Materials and Methods:
Patients with stage 3 or 4 lung cancer that had disease progression while on a clinical trial were retrospectively identified through our tumor imaging response database. Locations of disease progression were recorded and categorized as occurring within the chest, outside the chest (abdomen, pelvis, and brain), or both inside and outside the chest. Disease burden at the time of baseline scan was also categorized in this manner. Predictive accuracy of baseline imaging in detecting future progression was summarized using sensitivity and specificity, while the feasibility of baseline was summarized using positive and negative predictive values.

Results:
A total of 180 patients with 205 imaging timepoints enrolled in 52 clinical trials were identified.

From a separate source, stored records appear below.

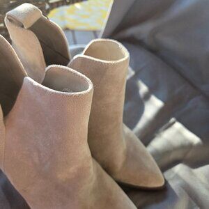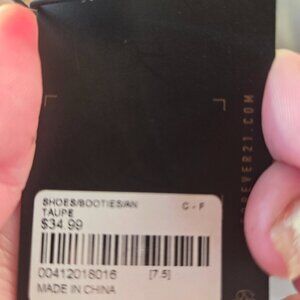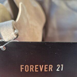 This product is a brand new pair of Forever 21 taupe women's heeled booties in size 7.5. Made of faux suede, these stylish booties are perfect for adding a touch of elegance to any outfit. The beige color and bootie style make them versatile for both casual and dressy occasions.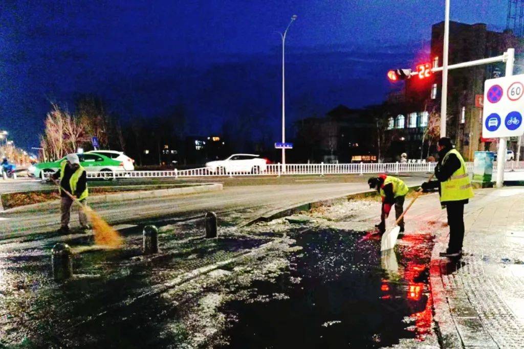 当天雨停后,环卫服务中心协调安排洗扫车、吸污车、环卫作业人员,对石河子市天山路、西四路、东四北五路口等主次干道、公交站台进行排水、洗刷,对重点区域用洗扫车多次来回洗扫,对机械作业不到的地方采取人工排水清淤,防止气温下降造成路面结冰。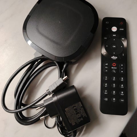 Kaukosäädin ja 12V/1.5A virtalähde mukana.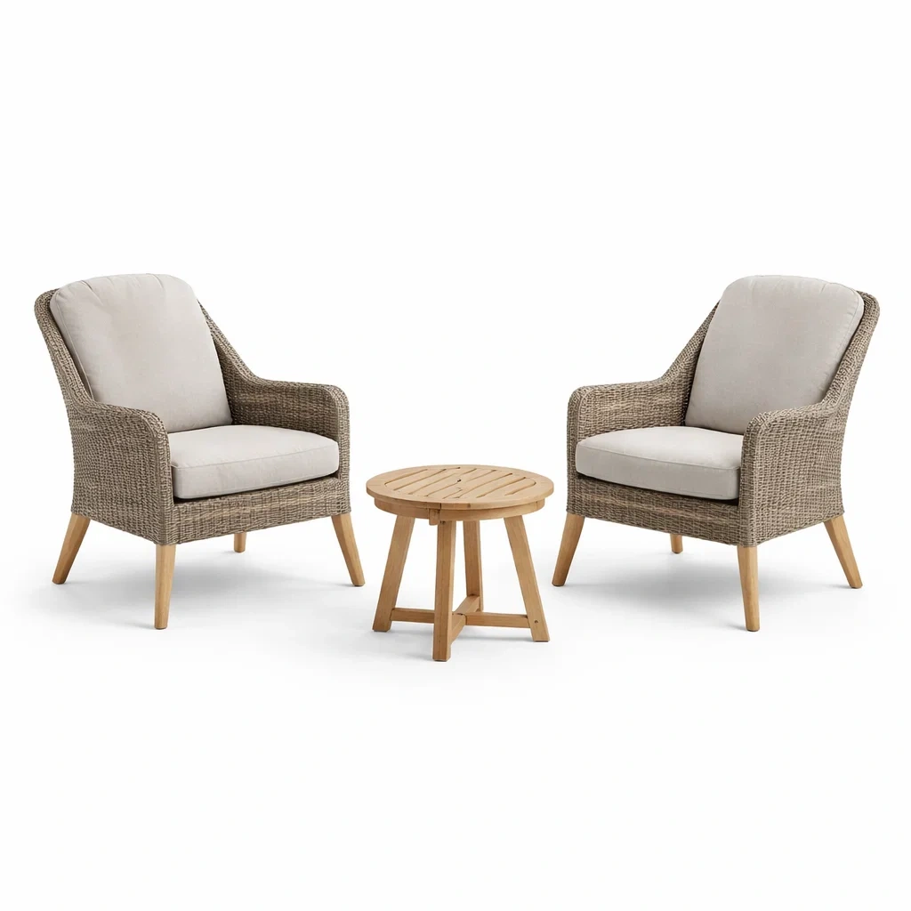 Matériaux : Fauteuils en résine tressée avec pieds en bois, coussins en polyester ; Table en bois massif.

Twenty-two patients developed progression of disease while on more than one clinical trial; 19 had progression in two different trials and 3 in three different trials. All cases (150 of 150) with disease progression in the chest had disease in the chest at baseline. 73 of 80 (91%) cases with disease progression in the abdomen had disease in the abdomen at baseline, while 13 of 21 (62%) cases with progression in the pelvis had disease in the pelvis at baseline. The positive predictive value of the CT pelvis at baseline was 27% (13/49) while the negative predictive value was 92% (92/100). Positive and negative predictive values of the abdominal CT at baseline were 70% (73/105) and 90% (63/70) respectively. Of 8 cases identified as disease-free in the pelvis on baseline CT, only 1 progressed exclusively in the pelvis. Similarly, of 7 cases that were disease-free on the baseline abdominal CT, only 2 progressed just in the abdomen. 252 of 269 (94%) scanned anatomic regions (chest, abdomen, pelvis, brain) with disease progression had disease in that region at baseline. If a body region was disease-free on the baseline scan, that region remained disease-free at the time of progression in 90% of cases.

Conclusion:
For patients with stage 3 and 4 lung cancer, anatomic location of disease on the baseline exam may be used to determine which body regions should be included on follow-up exams. Specifically, if no disease is detected in the pelvis at baseline, CT pelvis is unlikely to identify isolated progression on future follow-up imaging. Eliminating this region on follow-up scans will reduce patient radiation exposure and potentially reduce cost.